(The data begins)

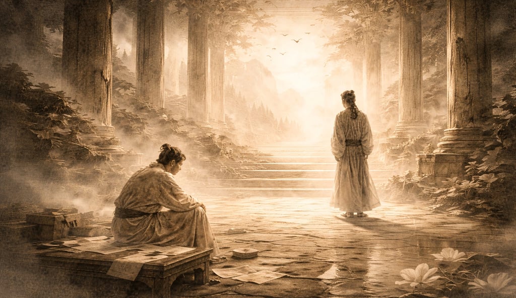Shall I rather speak forth in anger, laying bare my sincerity, uttering words of rectitude before the imperial court, refusing to bow to princes and lords? Or shall I abase myself in weakness and compliance, fawning upon command, to become one who flatters with his face and serves with his tongue? Shall I be gentle and broad in kindness, bestowing favor without seeking its return? Or shall I chase after worldly gain, yielding and conniving for hollow accord? Shall I live in seclusion and walk in righteousness, pursuing the utmost sincerity? Or shall I exalt false show and cunning deceit, nourishing a hollow name? Shall I cast out the wicked and flatterer, hold firm to uprightness and never bend, judging clearly what is worthy and what is base? Or shall I act with mocking arrogance and slippery wit, grasping at cleverness and relying on artifice, becoming a mere bag of tricks? Shall I hide my scales and colors, like the dragon concealed in the deep? Or shall I spread my wings and cry aloud, like the swan soaring through the clouds? Shall I transform my form outwardly while concealing my heart within, bending my body to suit the times, sinking nameless beneath the world’s surface— dwelling among men, yet truly abiding in the dark? Or shall I rouse myself in proud clarity, sharpening my thought to brilliance, walk apart from the world yet keep my heart with the crowd, so that wherever I go, my name is known, my days consumed in restless striving? Shall I live spare and free, with nothing to boast or claim, making no distinction of self and others, content in peace, neither contending nor yielding, wandering with a pure and shining mind until I sit in sudden forgetfulness— seeking to follow Fu Xi and Shen Nong, yet falling short, walking the Middle Way, yet sorrowing still? Or shall I stir my heart to valiant feeling, exalting passion as brightness, pressing upward to defy the throne of ten thousand chariots, and downward to challenge the ministers of state, holding my countenance in proud restraint, raising myself high in self-assertion, forever as one who has lost his post, nursing resentment and bitter regret? Shall I amass a thousand millions in treasure, strike the bells and dine from tripods, recline among fragrance and delicate beauty? Or shall I toil and exhaust my strength, clearing away the thorns and briars, dwelling in the mountains, drinking from the valleys, and resting by the cliffs?
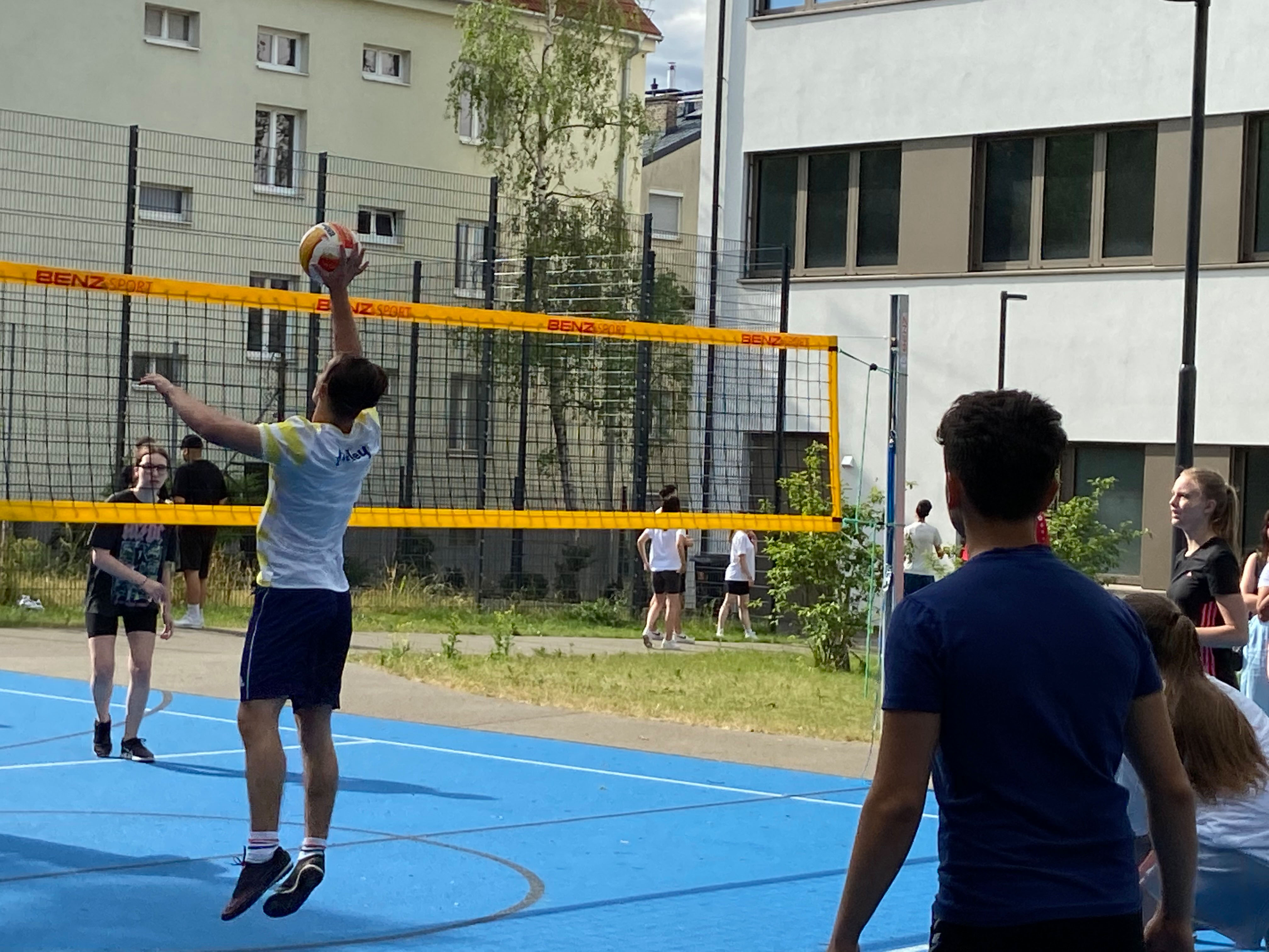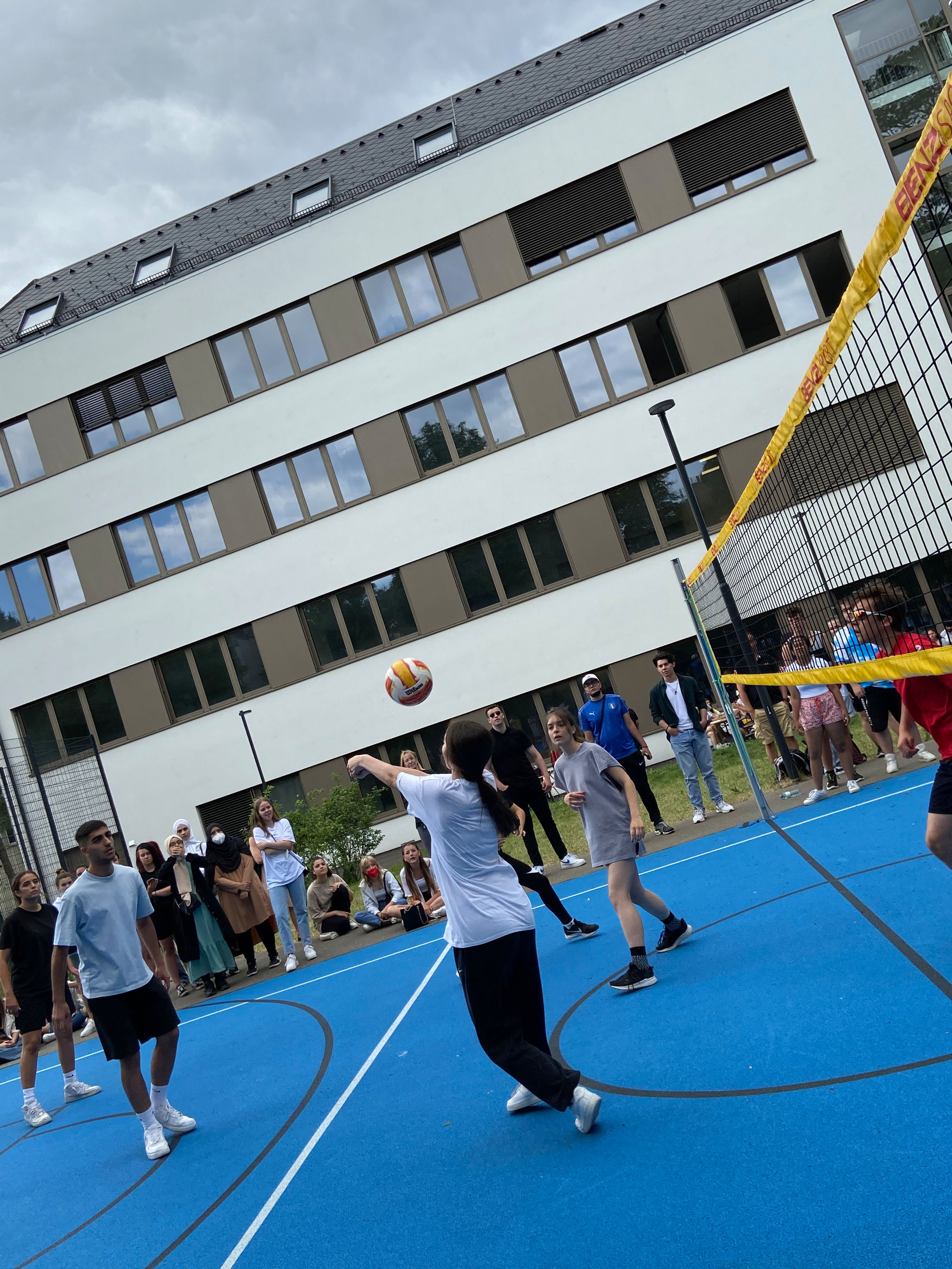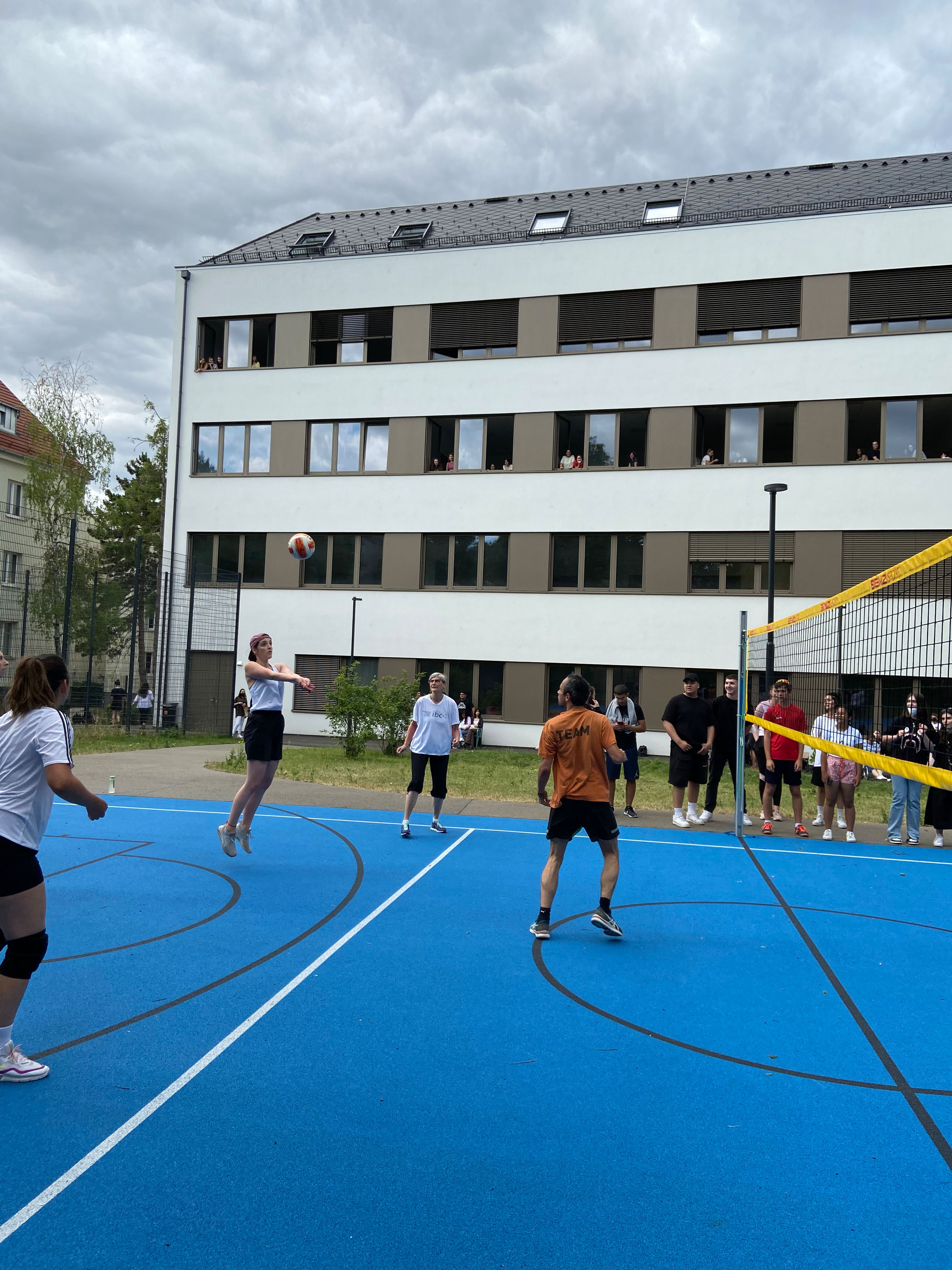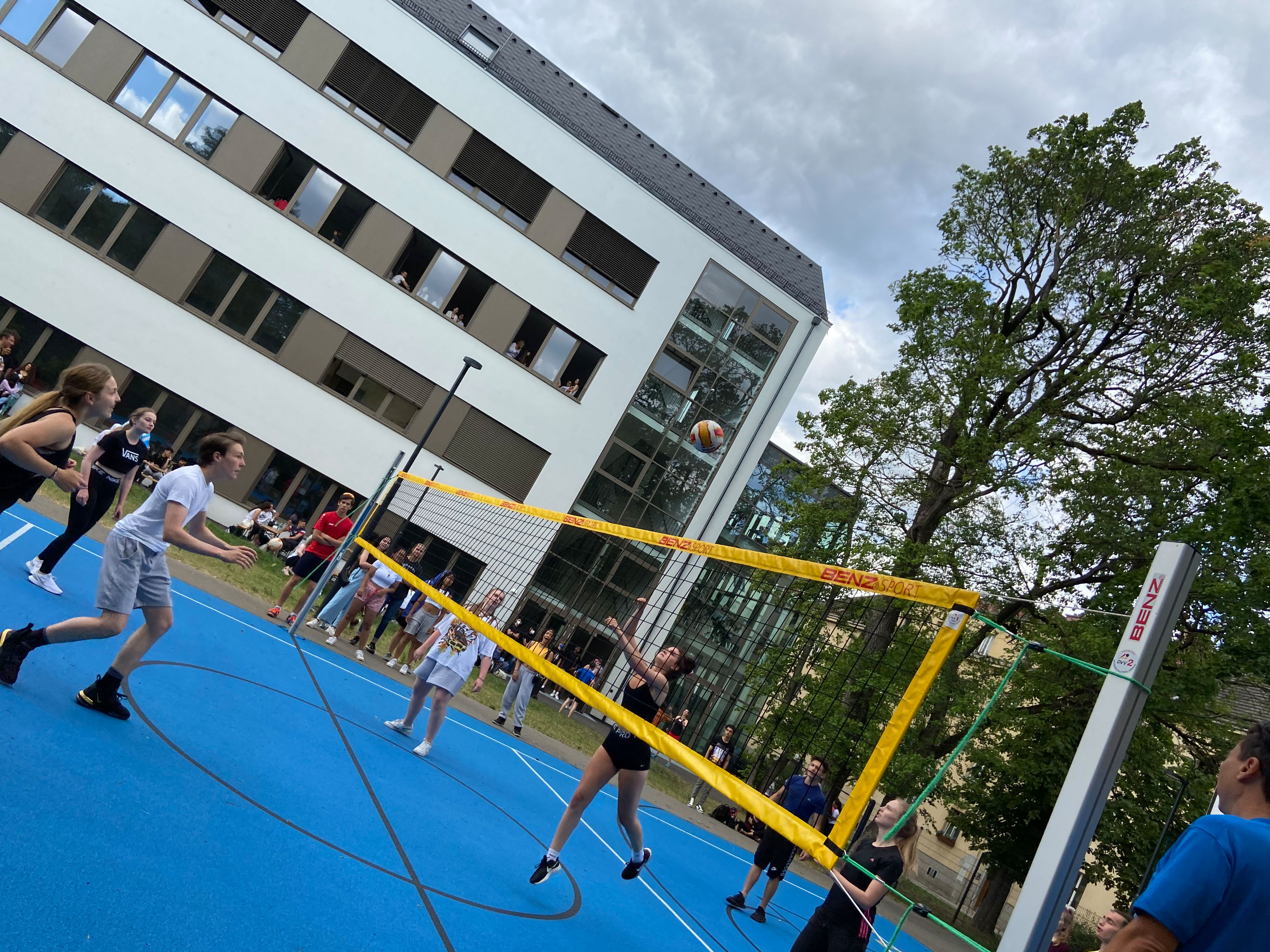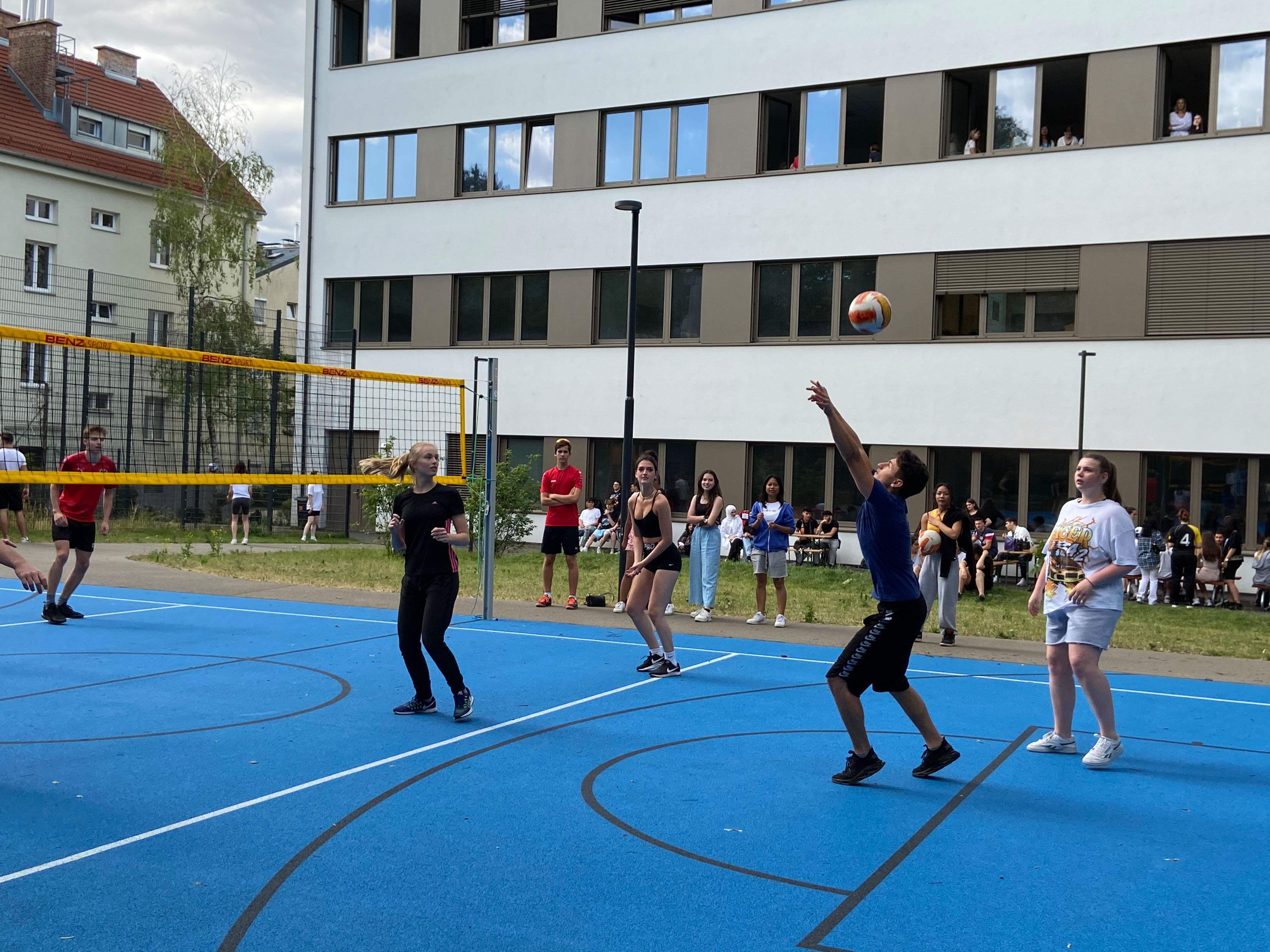 Am Mittwoch, den 30.06.2021, war es nach mehr als einem ganzen Jahr Corona-Pandemie endlich wieder Zeit, dass unsere Schüler*innen und Lehrer*innen Ihre sportlichen Talente zeigten. Bei herrlichem Wetter spielten die Gruppen im schuleigenen Sportpark miteinander Volleyball.
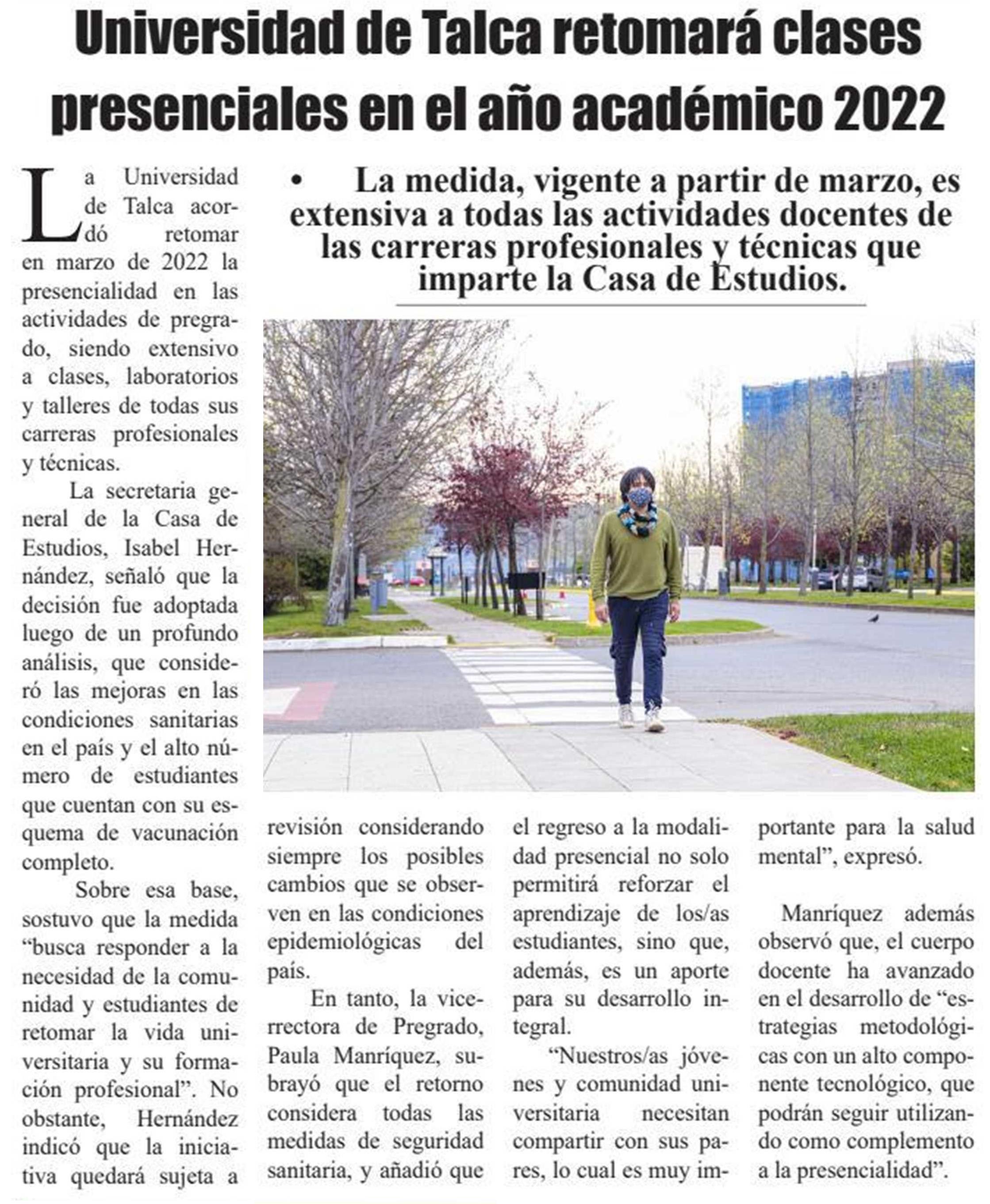 Portada: Universidad de Talca retomará clases presenciales en el año académico 2022.

(The data ends)

### Task brief
Using the listing above, set down exactly each line from the one containing "Am Mittwoch, den" through the final line, and leave out pictures.

### Answer below
 Am Mittwoch, den 30.06.2021, war es nach mehr als einem ganzen Jahr Corona-Pandemie endlich wieder Zeit, dass unsere Schüler*innen und Lehrer*innen Ihre sportlichen Talente zeigten. Bei herrlichem Wetter spielten die Gruppen im schuleigenen Sportpark miteinander Volleyball.
 Portada: Universidad de Talca retomará clases presenciales en el año académico 2022.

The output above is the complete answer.